Rose retrieved shelves of recipe books she put away long ago. She had a craving for a roast suckling pig, rubbed in butter and sea salt, served stretched on the dining table, with an orange in its mouth. Roast so that the orange was just beginning to split, the juice to caramelise, the crackling starting to spit and crisp; golden-brown and greedy smelling.


When the police car appeared at the end of the drive, Rose had just finished butchering. She was standing, sweating, outside the stables. It was harder than she thought. She threw a black dishcloth over the pig’s face, and thought of the French Revolution. ‘Liberté, égalité, fraternité,’ she murmured, before pointing the rifle just beneath the pig’s ear. Its head almost came clean off. On reflection, she decided, she had been too close.

As the policemen walked slowly towards her, Rose considered running away, starting a new life, changing her name. She checked her hands for pig’s blood.

‘Evening ma’am,’ one officer said, respectfully. ‘Can we step inside?’

‘God, that smells incredible,’ the other remarked on entering. After a look from his superior, he retreated outdoors, where he stood leering up at the bright moon, which seemingly hung directly above them.

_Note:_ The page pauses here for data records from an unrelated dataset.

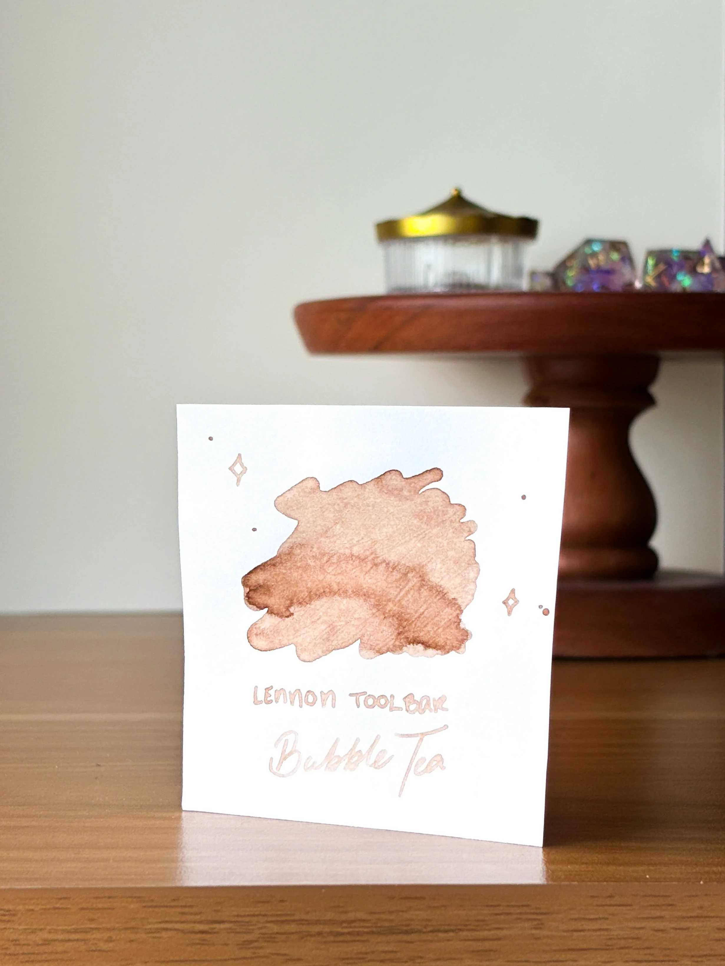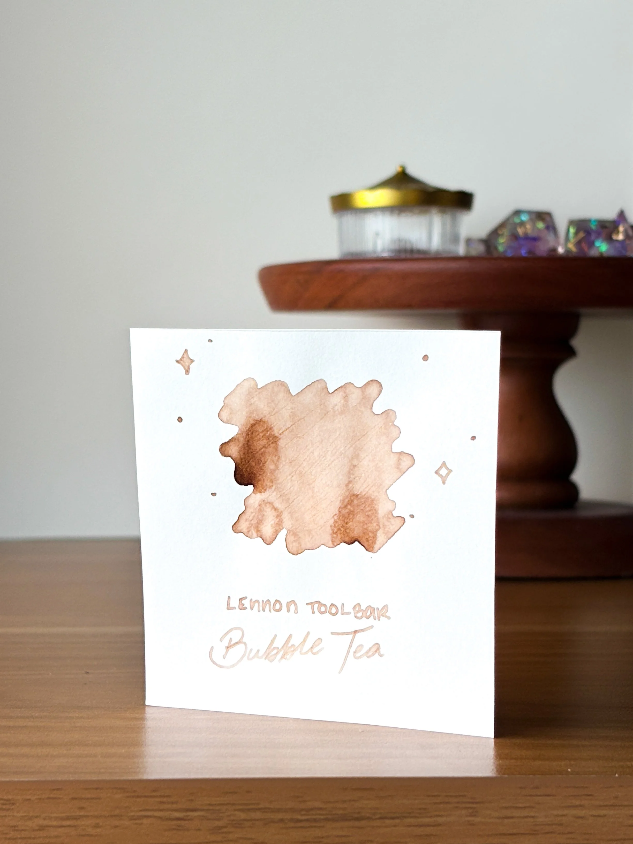 The Bubble Tea ink from LTB is a beautiful light brown ink, and honestly quite accurate to milk tea (which I can attest too—it’s my drink of choice: a hot pearl milk tea with extra pearls >:))
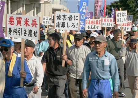 冲绳县读谷村举行集会要求美军交出交通肇事逃逸的士兵。
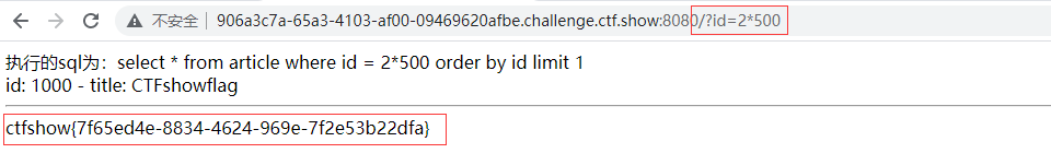 在SQL语句中,我们的 2*500 会进行算术运算,结果是 1000,从而使SQL查询 id=1000的信息,从而获取flag
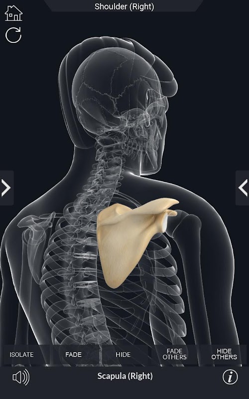 يمكن للمستخدم تحديد الجزء الخارجي من الهيكل العظمي لعرض اسم للجزء أو المعلومات ذات الصلة القراءة.
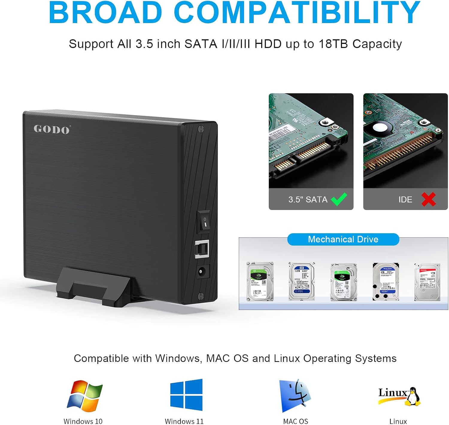 - 【Wide Compatibility】GODO external laptop hard drive enclosure supports all 3.5 inch SATA I/II/III /HDDs SSDs up to 18TB capacity. this 3.5 inch hard drive case is compatible with Windows XP/Vista/7/8/8. 1/10, Mac OS and Linux operating systems and on.
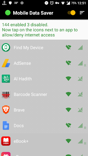 * Tap on the icons next to an app to enable/disable internet access for both Wi-Fi and mobile data
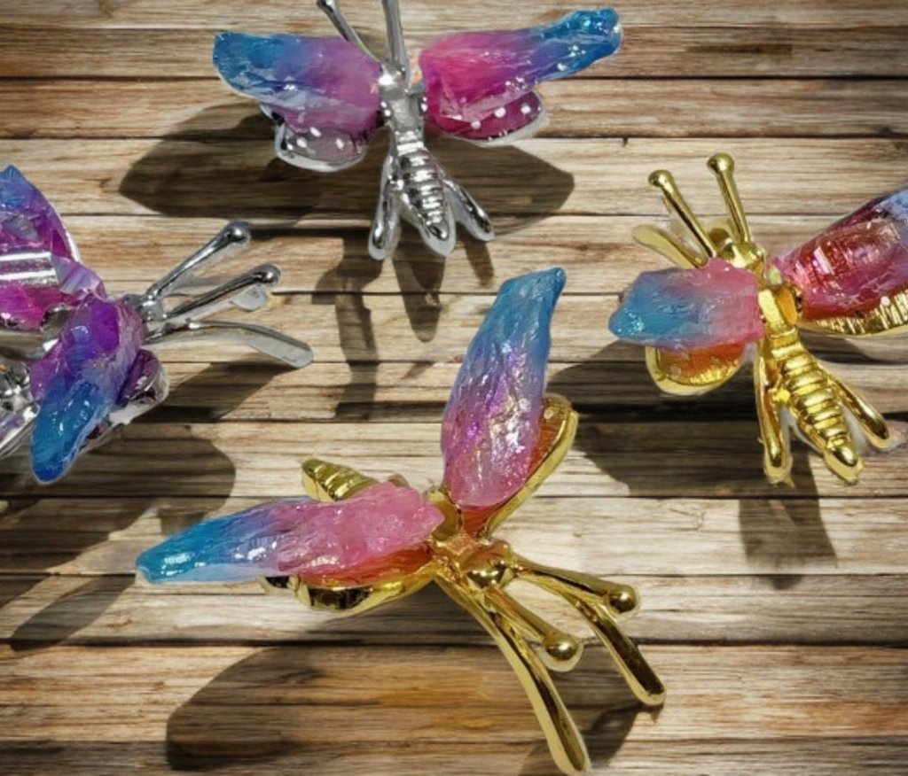 Aura Blue, along with Blue and Green crystals and Pink Amethyst, creates a blend of energies that nourish the mind and spirit. Aura Blue is known for its calming effects, enhancing communication and promoting inner peace while alleviating stress. In contrast, Pink Amethyst offers a nurturing energy linked to the heart chakra, aiding emotional healing and fostering self-love. Together, they encourage emotional healing, spiritual growth, and personal transformation. Whether used in meditation, home decor, or jewelry, these crystals promote peace, love, and understanding, enriching spiritual practices and overall well-being..
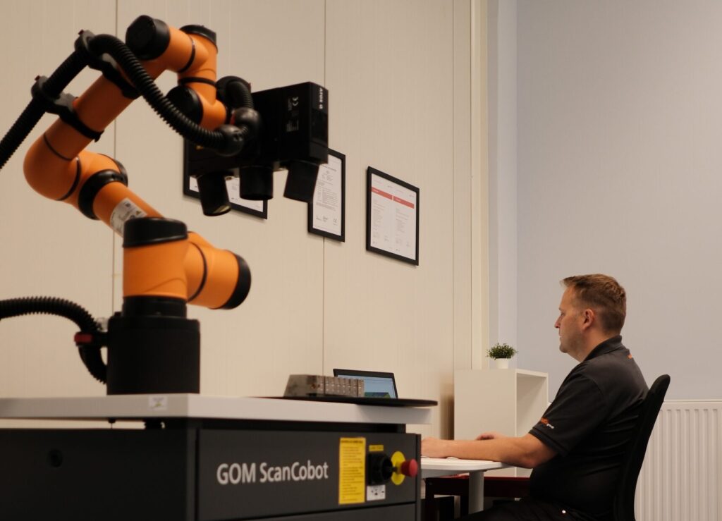Tvrtka GOM GmbH vodeći je proizvođač 3D mjernih sustava uključujući prijenosni GOM ScanCobot. Ovaj mjerni sustav sastoji se od ATOS optičkog 3D skenera, kolaborativnog robota i automatiziranog rotacijskog stola. Skener se nalazi na robotskoj ruci koja ga pomiče po sobi, dok rotacijski stol pruža dodatnu pomoć.
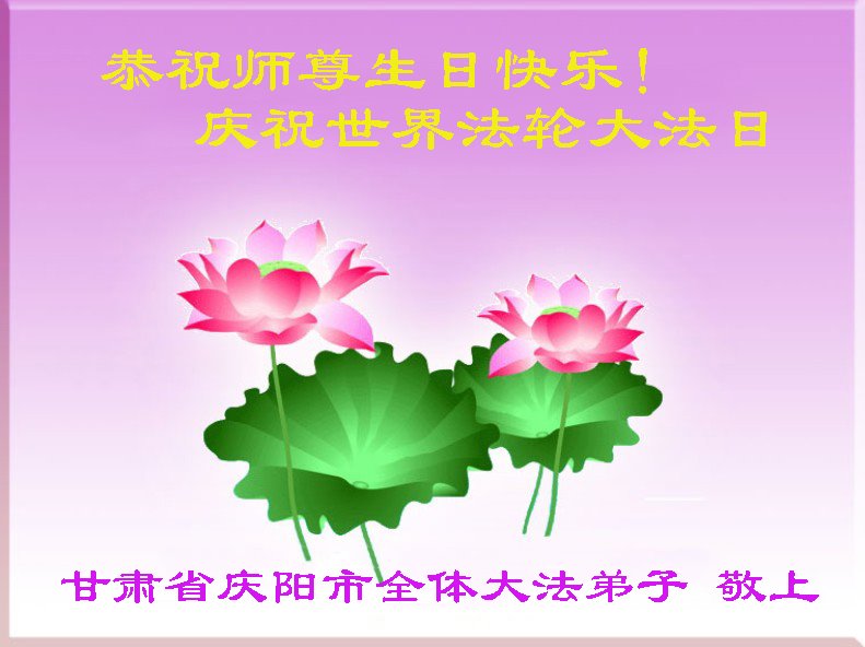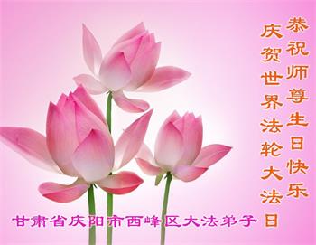 甘肃省庆阳市西峰区全体大法弟子恭祝师尊生日快乐!庆贺世界法轮在法日!
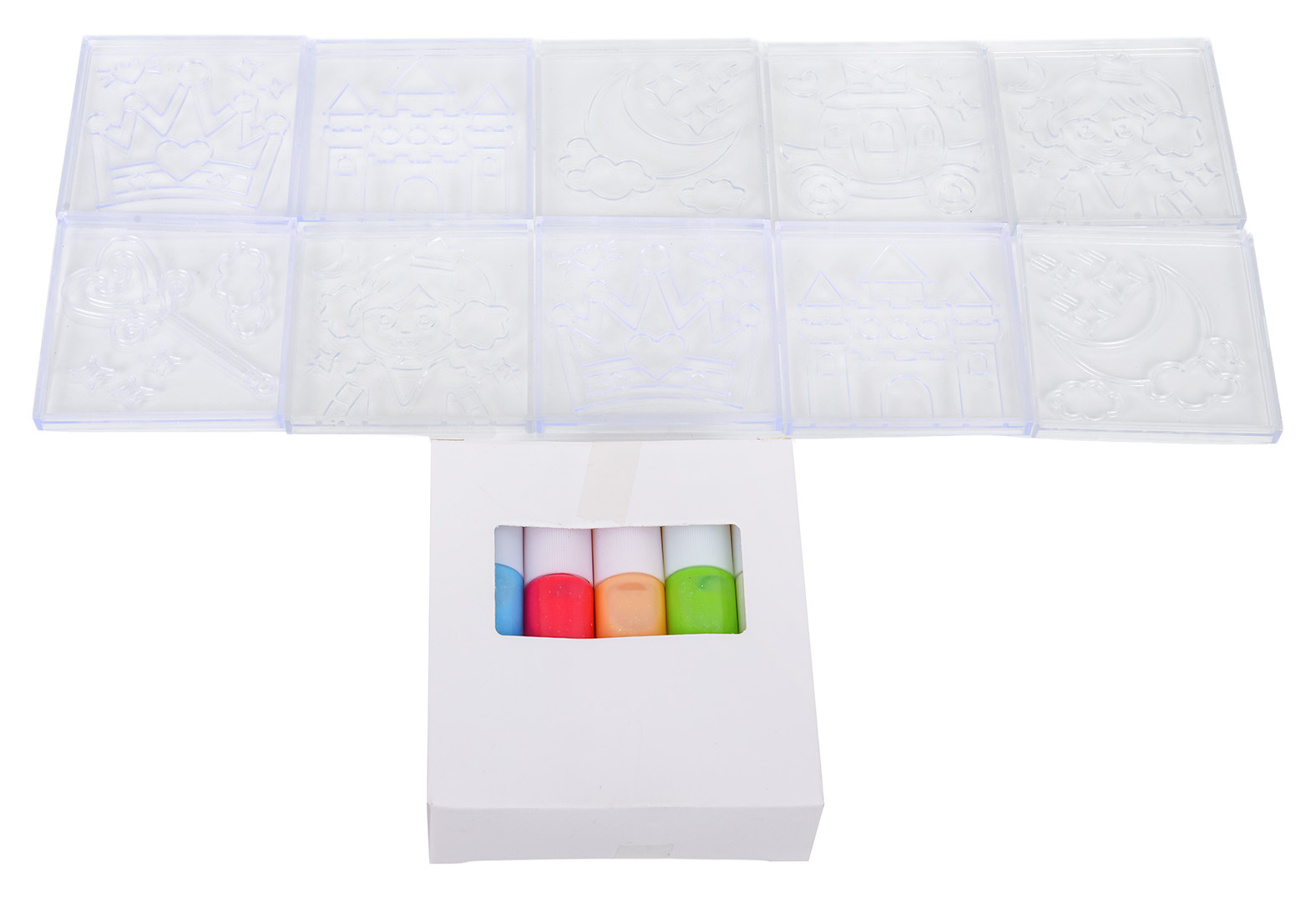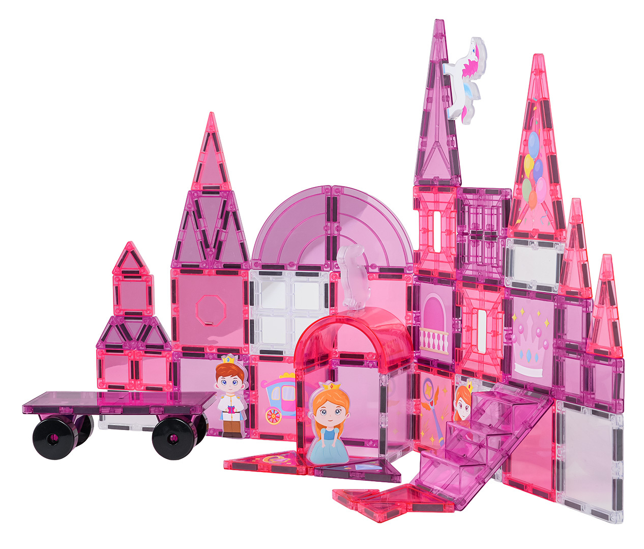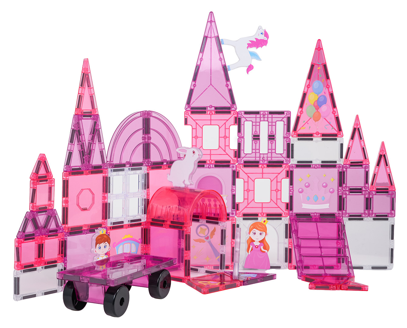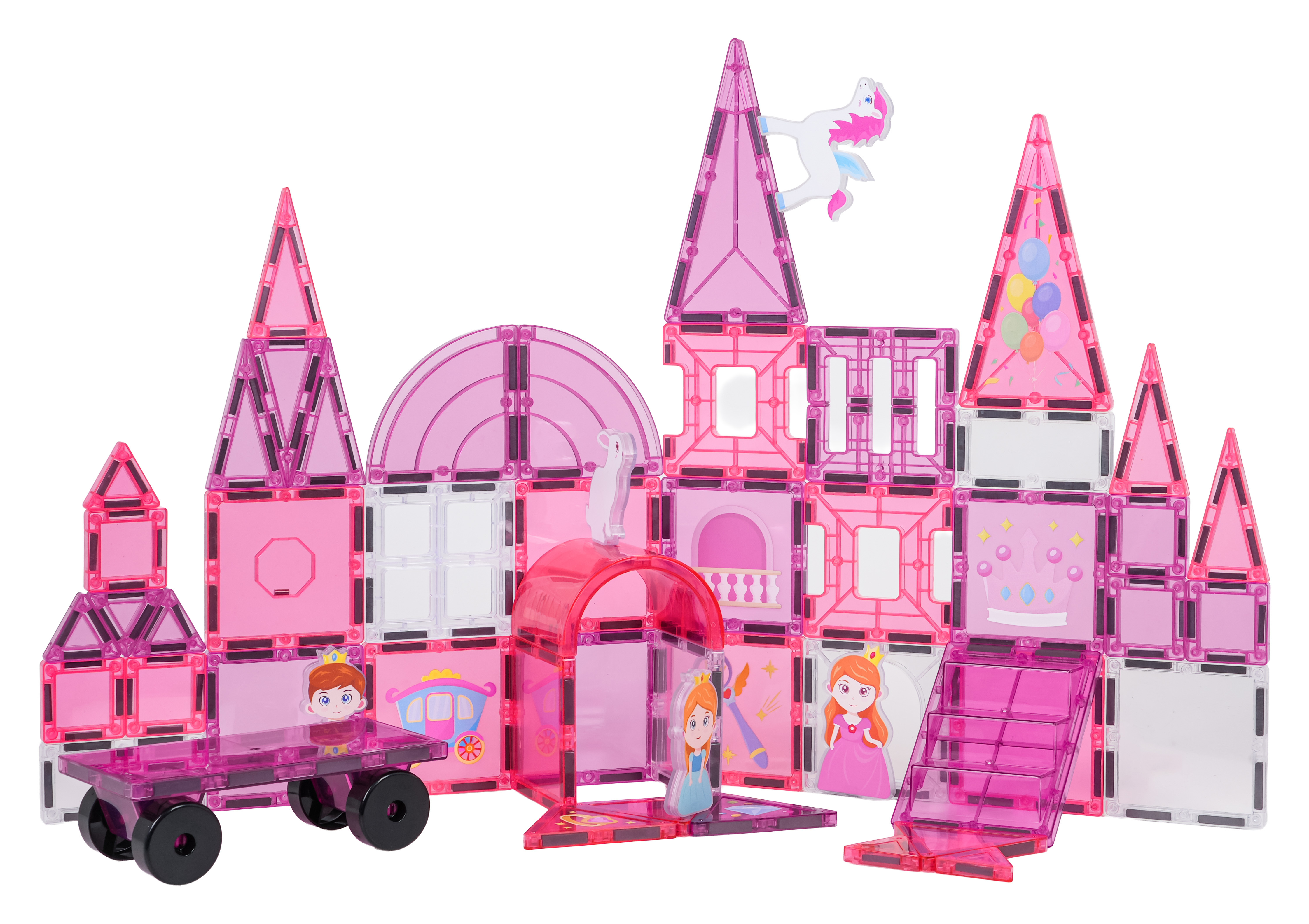 | - magnetické kostky, - figurka princátka, 2 x princezna, jednorožec, koník, zajíček, - podvozek s kolečky, - magnetické prvky k natření, - 10 x gelový fix, - návod k montáži. |

‘Well, I’m not sure that you shouldn’t come back later, when my husband is at home,’ Rose said fretfully. ‘He’s at work. What is this about?’

The officer said that a man carrying William’s ID had been found dead in the home of a sex worker. Rose heard the police officer say this, though he couldn’t look at her and spoke instead to the floor.

‘When did you see him last?’

Rose giggled. ‘But anyone can steal an ID card, surely? My husband was here yesterday. He’s away overnight for work, he often is.’

The absurdity of it! The sheer waste.

Exchanging glances, the officers seemed not to comprehend, and Rose’s laughter turned to tears, which she wiped away hastily. ‘He’s my husband,’ she said firmly. ‘Mine.’